5 thoughts on “City Council to Consider Re-Adopting a Decriminalized Youth Curfew

  1. WHY is this demographic at risk?
    Instead, the City will employ a pilot program, focused in six zip codes across the Westside, Southside, and Eastside in areas with at-risk youth, to address the issues causing the curfew-breaking behaviors.
    I am guessing it is socioeconomics. The parents are the ones who needed the education. I support whatever it takes to break the cycle of parents who do not parent, they do not deserve the children they have. However, we continue to pay them to raise them (more like raising a beer). A 1o-year-old out after 11:00 PM to me sounds incredulous.

    • What an ugly, classist comment. There are so many unfair assumptions about the people who live in these areas contained in your comment. Have you lived in any of these areas? Have you worked or volunteered with these families? If you are so concerned about educating the parents who don’t parent, what have you done about it besides spouting misguided comments like this on the internet?

      Positive change in our community won’t happen until we realize that we are all more alike than we are different.

  2. How do the City and SAPD reconcile this: “in 2015 […] white youth receiv[ed] 44.1 percent of curfew citations, followed by Hispanics receiving 39.6 percent, and blacks receiving 9.4 percent, with 6.9 percent unknown” with this: “the City will employ a pilot program, focused in six zip codes across the Westside, Southside, and Eastside in areas with at-risk youth, to address the issues causing the curfew-breaking behaviors”?

    If the biggest bloc of curfew violations were among white youth, why is enforcement being targeted at communities of color?

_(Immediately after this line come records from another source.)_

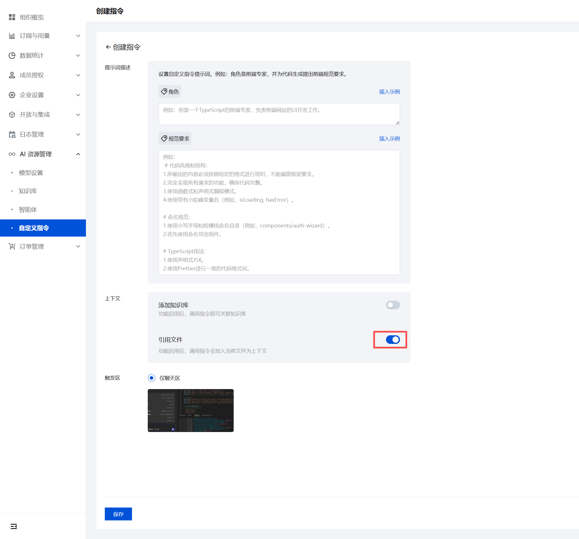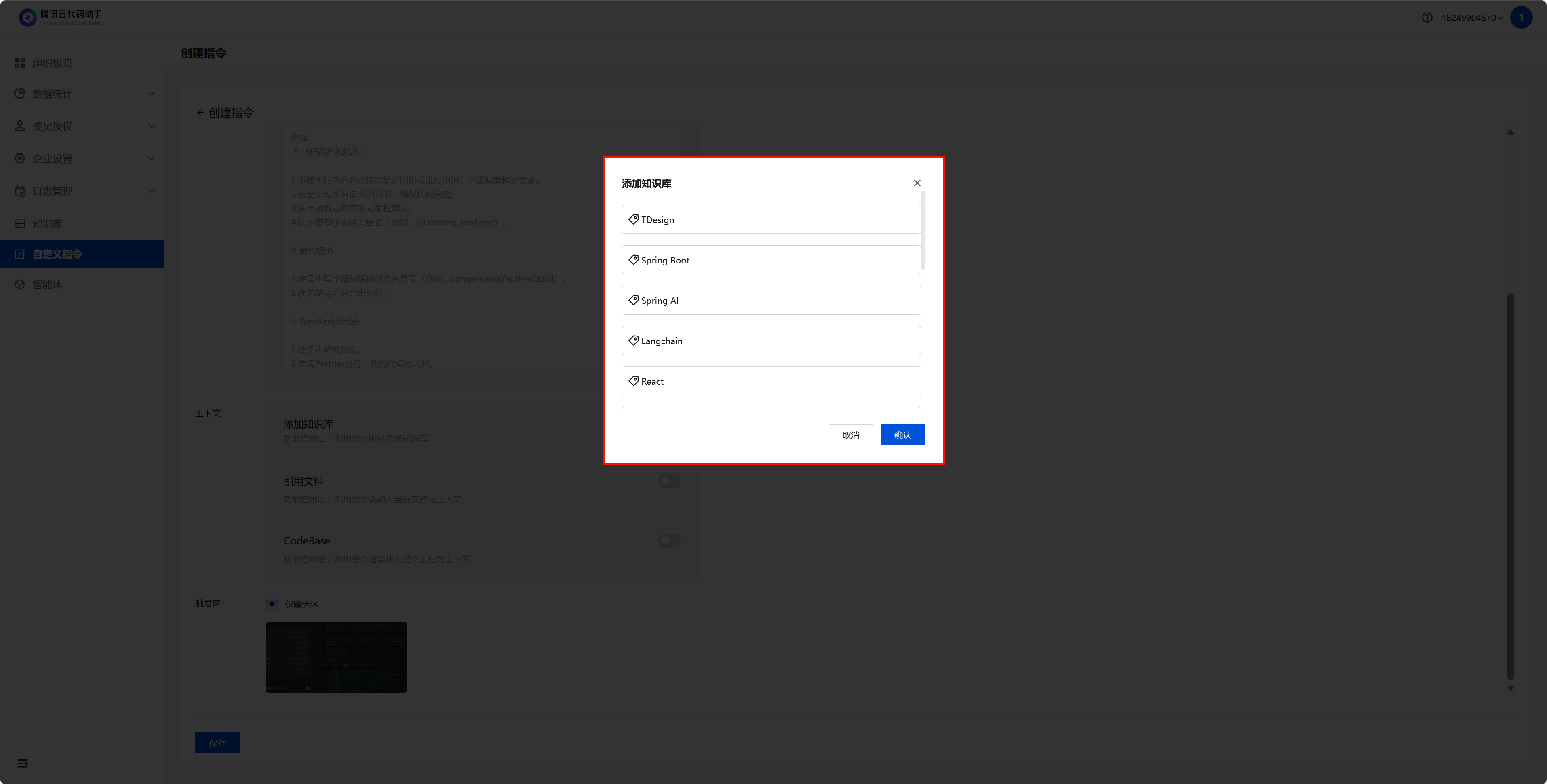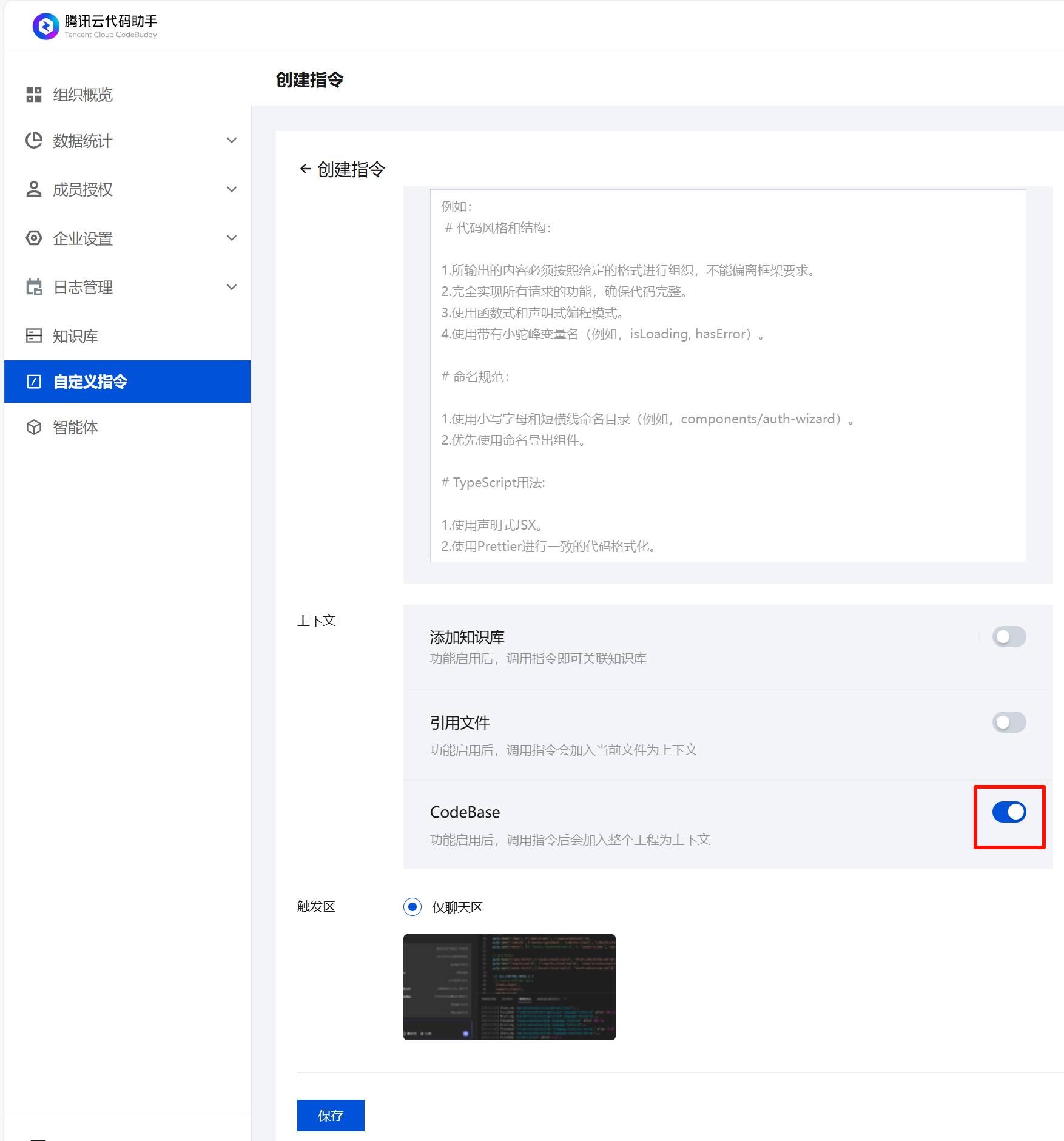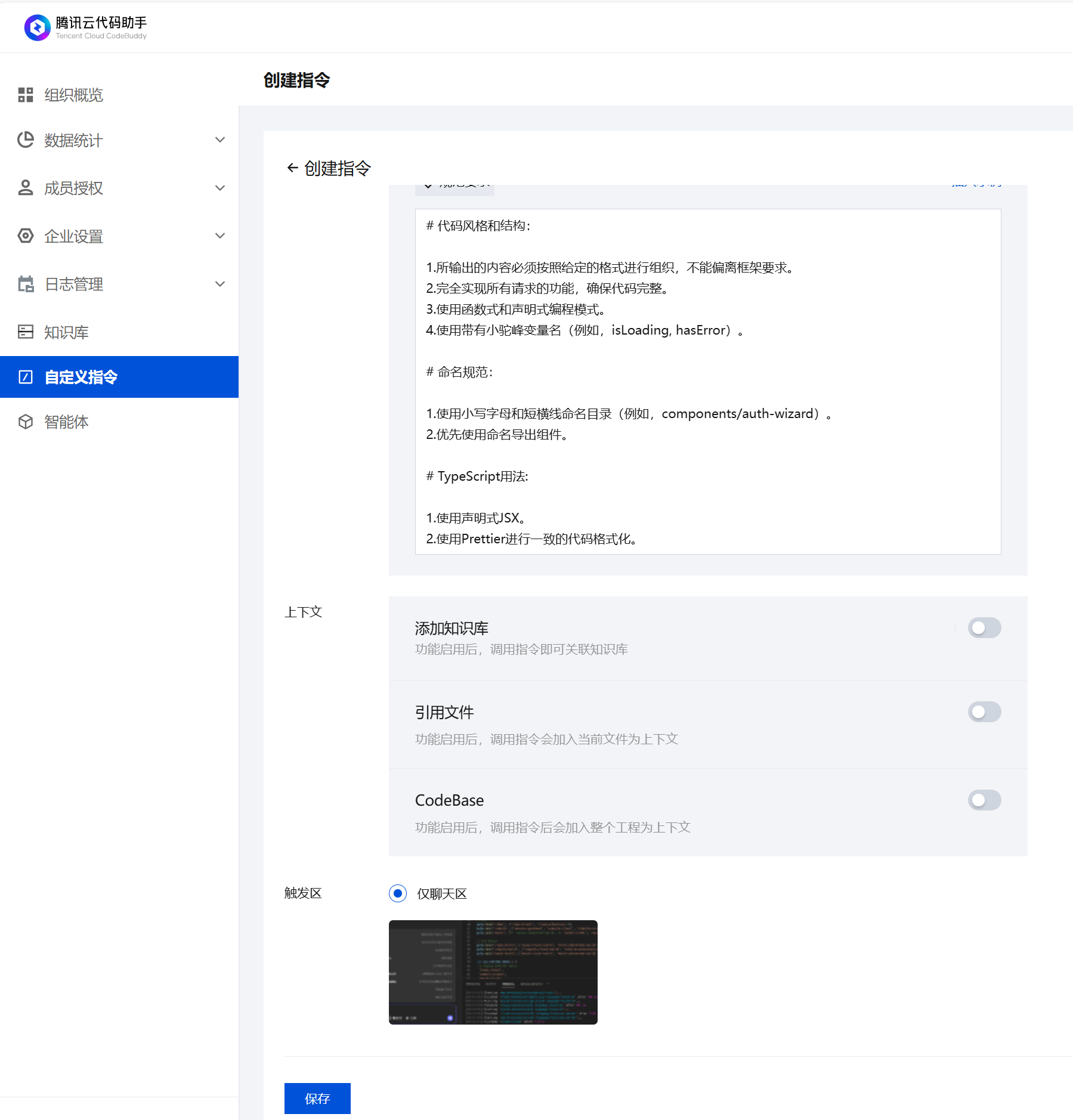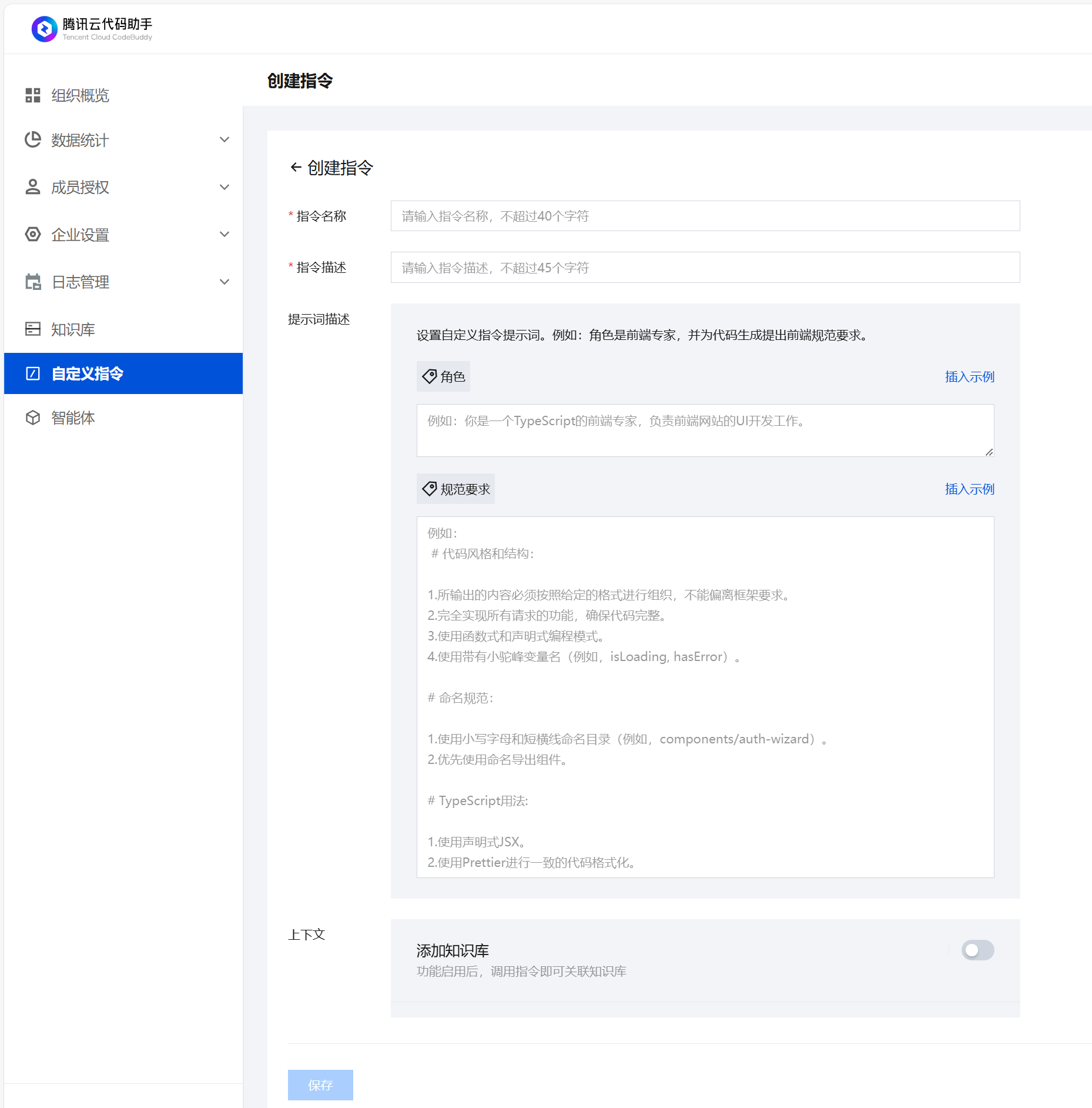 腾讯云代码助手新增了管理端创建和管理提示词的功能,包括自定义指令和全局提示词。
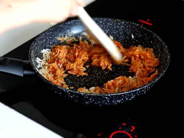 Comment obtenir un riz bien croustillant pour cette omelette?
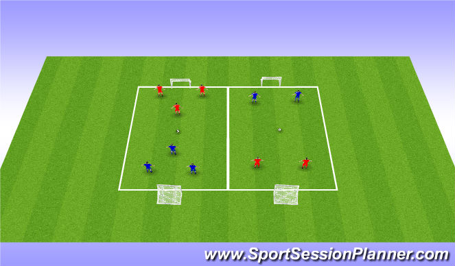 Let them play: split players into even teams 2v2, 3v3 or 4v4. Use 2field if needed. Coaching Points: Players will develop a naturalunderstanding of the game playing in a small sided controlledenvironment.
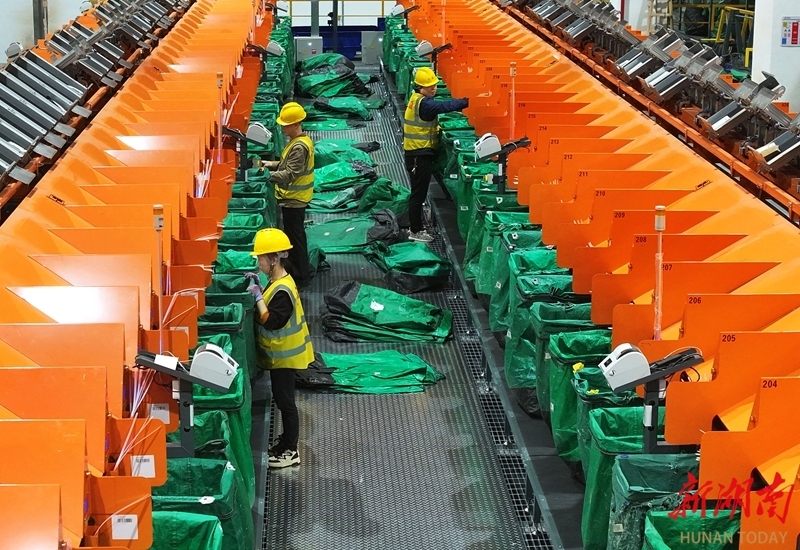 11月5日,中國郵政集團有限公司衡陽郵區中心局郵件處理中心,工作人員在分揀快遞包裹。臨近“雙11”,快遞處理量持續攀升,該中心啟動彈性排班機制,全力迎戰物流高峰,保障寄遞時效和服務質量。
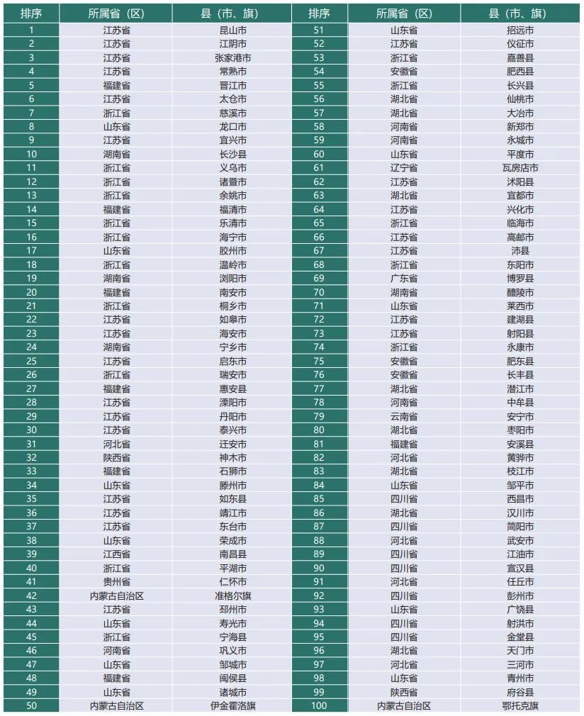 东南沿海地区是“百强县”集中地。最新“百强县”名单中,东部地区占据65席,数量与2022年保持一致;中部地区减少2个,占20席;西部地区新增4个,有14个入围;东北地区数量较前两年减少2个,仅剩瓦房店市还在榜上。
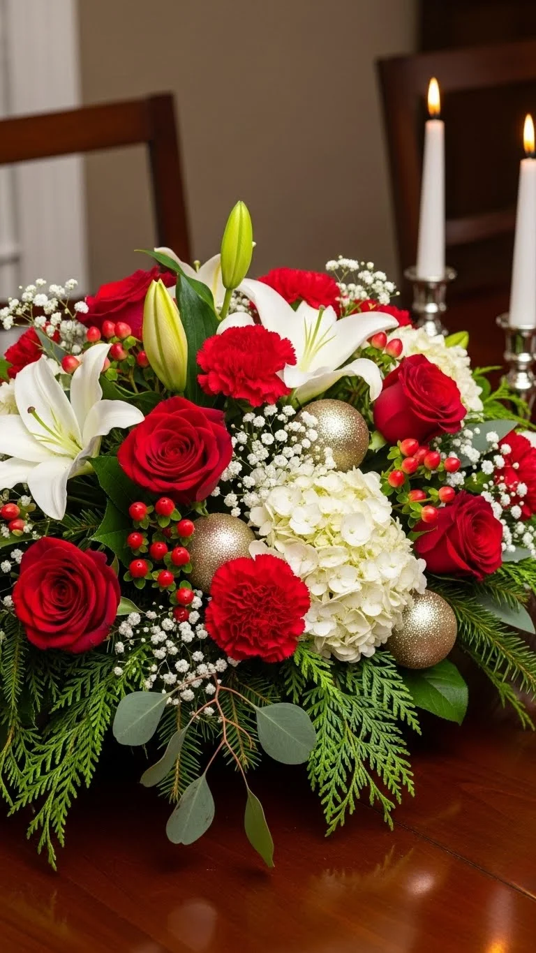 Arrange red and white flowers in a simple vase with plenty of greenery. Choose blooms like carnations, roses, or mums, which are affordable and easy to find. Keep the arrangement loose to avoid a stiff look. Add a few berries or pine picks if you want extra texture. This design works well with traditional Christmas colors and blends nicely with most table settings. If you’re on a tight budget, mix real greenery with one or two faux stems to bulk up the shape.
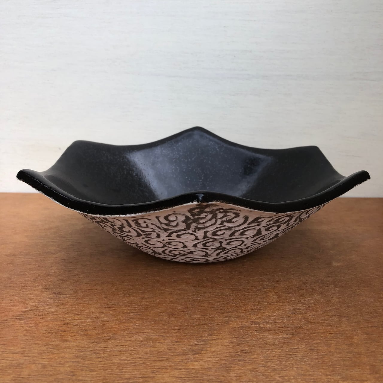 外側に印文を施し、白土を埋め込んでいます。内側は黒い釉を掛けていますので、お手入れしやすいと思います。
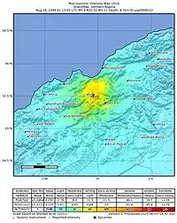 The 1994 Mascara earthquake occurred on August 18 at 02:13 local time with an epicenter in a rural part of Algeria. The earthquake measured 5.8 on the moment magnitude scale (Mw) and had a depth of 10 km (6.2 mi).[1] It caused the deaths of 171 people, left up to 12,500 homeless, and destroyed thousands of homes in Mascara Province.[2] Many homes were damaged or destroyed due to poor building quality which collapsed on the inhabitants and resulted in a majority of the casualties. The national government launched a rapid response effort in its aftermath.
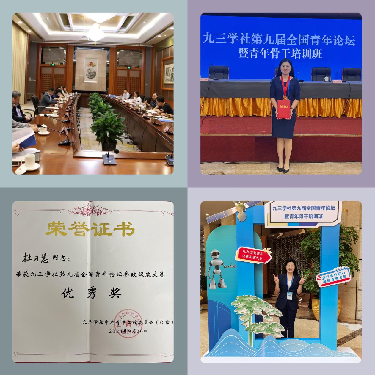 此次论坛以“颠覆性技术创新赋能新质生产力”为主题,通过“融冰启航”团建、参政议政培训、青年活动分享、“你说我听”、参观调研、“致敬先贤 逐梦前行”才艺展示、参政议政大赛等环节,不仅拓宽了青年社员们的视野,提升了参政议政能力,而且彰显了社员们团结奋进的精神和积极履职的责任感。我校九三社员杜习慧提交了有关生物多样性数据库的提案,并以小组形式参加了参政议政大赛,荣获参政议政大赛优秀奖。期间,杜习慧还参加了由九三学社中央参政议政部李军华副部长主持的小型座谈会,与李部长进行了面对面的交流,进一步加深了对参政履职的理解和认识。

If, as Councilman Brockhouse says, “this isn’t a color issue, it’s a youth issue”, why aren’t the targeted ZIP codes more reflective of the actual statistics? Do curfew violations not occur north of 410? All this does is put minority youth in more contact with law enforcement in provocative situations, and we know that always turns out well.

  3. I live next to a church where kids play basketball and are supposed to leave by 10 pm but they don’t. There is the activity that is being performed that goes beyond the 10 pm curfew. Loud booming cars, louder music, and shouting. I have found drug-related items and condoms on the asphalt. And I suspect that older adults are luring young adults into this ugly world of crime. A citywide curfew of 9 pm for the young teens should be the key time. We need to separate young teens away from young adults. I am a SA native and my parents made us be home by no later than 8:30 pm, no teenagers need to wonder freely.

  4. There needs to be an exemption for home schoolers. Many take dual credit courses on our community college campuses; research at the public library; drive themselves to meet up classmates at academic co-ops, symphony performances, and the like;volunteer and do research at nature centers, museums, or labs; practice their individual and team sports, etc. We did all this! In other words, I carefully curated the freedom of the teenage older and chose either to teach and wait with the youngest at the location or stayed at home. The parent should choose the freedoms, and the police should focus on criminal behaviors. An inflexible curfew hobbles home schooling. I wanted my teens to contribute and learn from the world rather than be stuck indoors at home. Don’t mess with success.